Georgia Koumará (born 1991 in Thessaloniki), is a Greek composer. She currently lives in Cologne. Her musical style plays with time (perceived, conceptual and measured), texture and energy, and her works are often quasi-theatrical in nature.

She was a student of Johannes Schöllhorn, Michalis Lapidakis, Kostas Siempis, Lenio Liatsou and Lilia Vaseiliadou.

Her 2012 work, astropedo, for voice and piano, is based on a text by Angelos Kyriou. The work explores various psychological states, some of them violent; the piano part is made percussive through the use of preparations, and the vocal part involves extensive use of extended vocal techniques.

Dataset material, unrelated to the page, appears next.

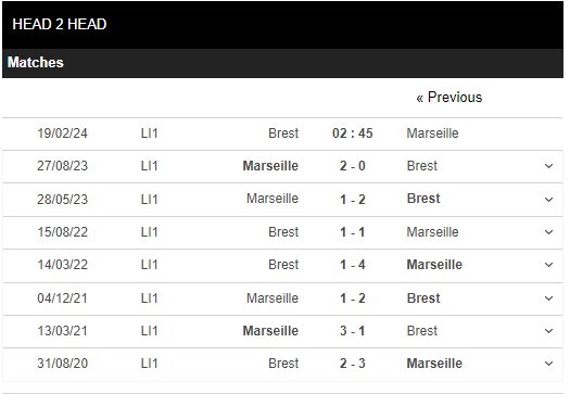 Thống kê đối đầu Stade Brestois vs Marseille
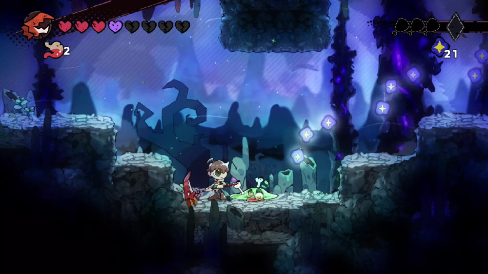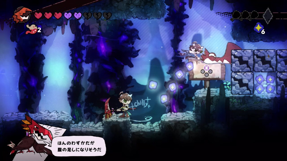 『GOBBLE』は、離れ離れになってしまった家族を探すため、モンスターを捕食し強くなる「鎌」とともに世界を冒険する2D横スクロールアクションです。

In 2015, her orchestral work, Schrödinger's Cat, was performed by the WDR Orchestra, and was subsequently broadcast on WDR 3 on March 11, 2015.

Her work, Walk in and Find Your Supper, was commissioned and premiered in 2016 by the German ensemble hand werk at Cologne's New Talents festival. Written for flute, clarinet, violin, cello and performer, the piece tells the story of a game, where the musicians start by only playing their instruments, when gradually the performer enters: he is searching for an object on stage, the musicians reveal that they know where it is, but they are teasing him, and the piece ends with the performer frustrated, surrounded by chaos, as the four musicians verbally taunt him.

In 2018, she wrote Dangerous Conjectures for the German ensemble Ascolta, which was premiered at ECLAT festival in Stuttgart. In the same year, she also wrote a piece for the German duo leise dröhnung, called Through Hell & High Water.